Teemu Arina, the interviewer, suggests to George that "the pipe is more important than the content of the pipe" and draw a comparison here with the description of the internet popularised by Doc Searls and David Weinberger as the world of ends, the value grows at the edges, not in the pipe.

George agrees. Some things need to be centralised, eg. accounting, but learning is a strongly networked process. Learning aggregates concepts and many of these concepts are not necessarily internalised immediately. In learning institutions some things need to be centralised (eg. student registration) but the important parts of learning require interaction, exploration and creation are best decentralised.

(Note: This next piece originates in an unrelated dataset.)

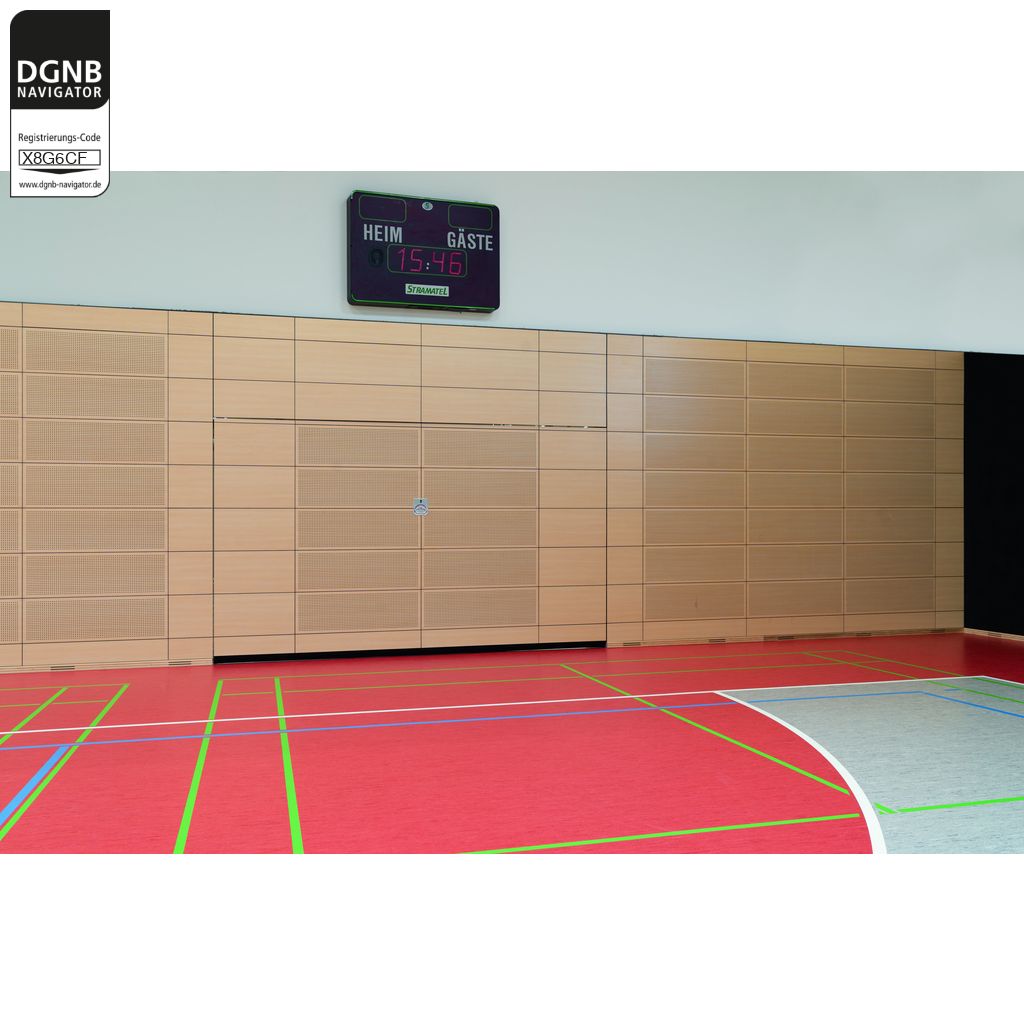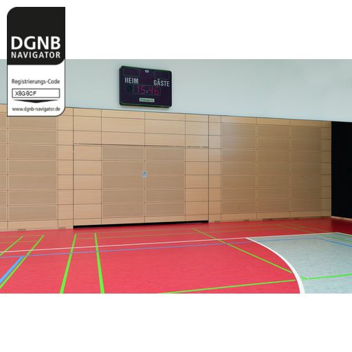 Hörmann Sporthallentore bilden die Abtrennung zwischen Halle und Geräteräumen in Sport- und Mehrzweckhallen.Bezug zum DGNB System

My comment: I think that lecture mode can be important and useful in some situations. I'd prefer to describe it as a dialectic or continuum with lecture at one end and exploration / creation at the other. Both can be important. Educators need to walk the walk along this continuum.

Also at some stage the internalised concepts are very important. Good learners have better internalised concepts than poor learners.

In contrast to content driven courses a new alternative approach is to provide the tools required for connection and dialogue (blogs, wikis, podcasts etc.) and the learners will discover a lot of the content for themselves.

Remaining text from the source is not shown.